> _WORK REQUEST_
Give again, word for word, each line of the data from the first through the one containing "شکل ۱۱- وضعیت نسج نرم پس از سپری شدن ۲ هفته". Pictures stay out.

Collected data
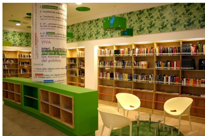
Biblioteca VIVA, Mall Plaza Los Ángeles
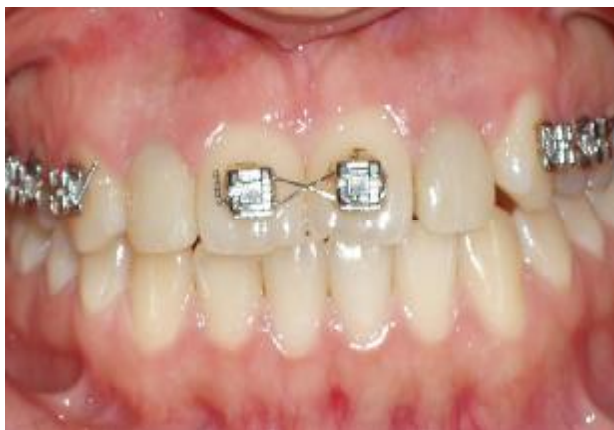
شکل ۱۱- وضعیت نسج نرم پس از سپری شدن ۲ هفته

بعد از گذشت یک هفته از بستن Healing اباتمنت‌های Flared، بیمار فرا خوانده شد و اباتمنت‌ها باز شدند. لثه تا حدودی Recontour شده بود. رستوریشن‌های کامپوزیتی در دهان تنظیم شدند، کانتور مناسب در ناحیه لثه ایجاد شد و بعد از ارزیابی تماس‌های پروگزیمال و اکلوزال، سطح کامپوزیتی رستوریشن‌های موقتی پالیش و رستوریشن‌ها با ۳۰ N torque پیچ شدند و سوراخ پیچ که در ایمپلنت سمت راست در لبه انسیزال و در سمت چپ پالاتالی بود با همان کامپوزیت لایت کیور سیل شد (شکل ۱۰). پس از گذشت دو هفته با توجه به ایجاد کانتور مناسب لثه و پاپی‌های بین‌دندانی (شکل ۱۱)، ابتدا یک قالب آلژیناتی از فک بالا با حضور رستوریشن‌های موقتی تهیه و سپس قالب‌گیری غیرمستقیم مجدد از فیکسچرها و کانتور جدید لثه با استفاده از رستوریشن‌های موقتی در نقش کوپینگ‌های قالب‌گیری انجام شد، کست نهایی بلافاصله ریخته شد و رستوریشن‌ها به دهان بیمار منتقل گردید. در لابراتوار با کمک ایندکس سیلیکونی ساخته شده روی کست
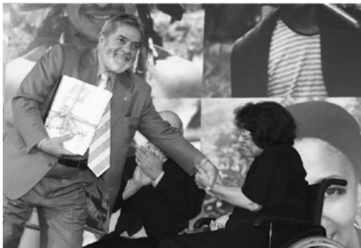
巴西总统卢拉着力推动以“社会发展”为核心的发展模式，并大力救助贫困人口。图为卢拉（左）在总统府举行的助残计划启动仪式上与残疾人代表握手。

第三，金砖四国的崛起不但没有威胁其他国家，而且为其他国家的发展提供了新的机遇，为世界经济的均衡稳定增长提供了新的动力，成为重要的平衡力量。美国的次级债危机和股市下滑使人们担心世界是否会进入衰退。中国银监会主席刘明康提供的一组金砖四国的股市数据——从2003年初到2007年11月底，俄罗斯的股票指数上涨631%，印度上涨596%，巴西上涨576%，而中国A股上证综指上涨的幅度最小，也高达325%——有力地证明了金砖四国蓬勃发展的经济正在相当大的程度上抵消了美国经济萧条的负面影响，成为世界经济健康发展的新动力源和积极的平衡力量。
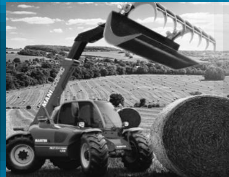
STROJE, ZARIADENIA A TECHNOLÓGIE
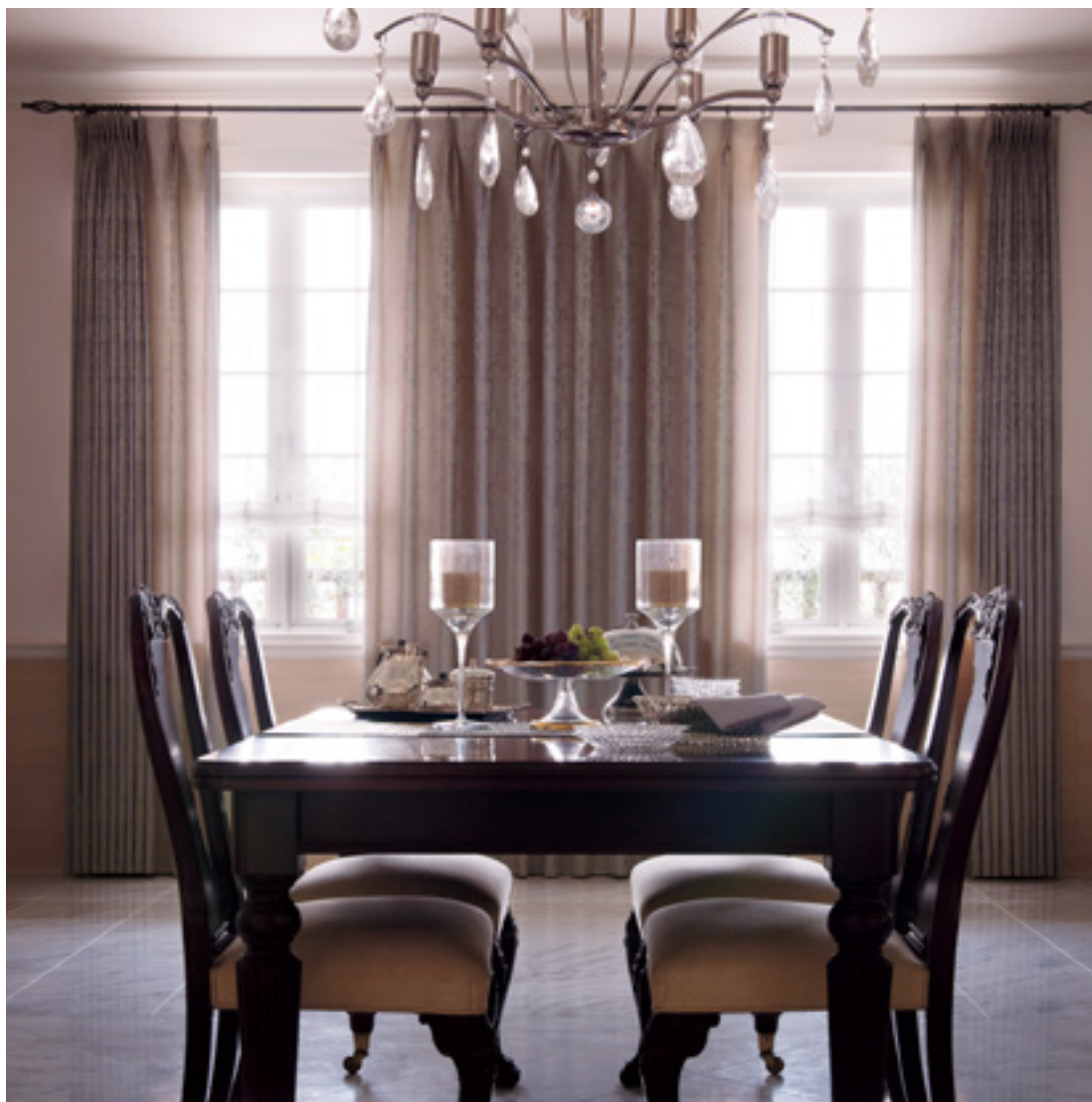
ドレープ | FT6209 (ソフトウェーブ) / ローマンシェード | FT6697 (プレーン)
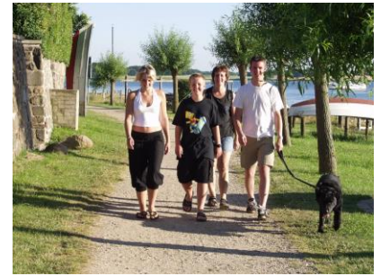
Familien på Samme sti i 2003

> _REPLY_
Biblioteca VIVA, Mall Plaza Los Ángeles
شکل ۱۱- وضعیت نسج نرم پس از سپری شدن ۲ هفته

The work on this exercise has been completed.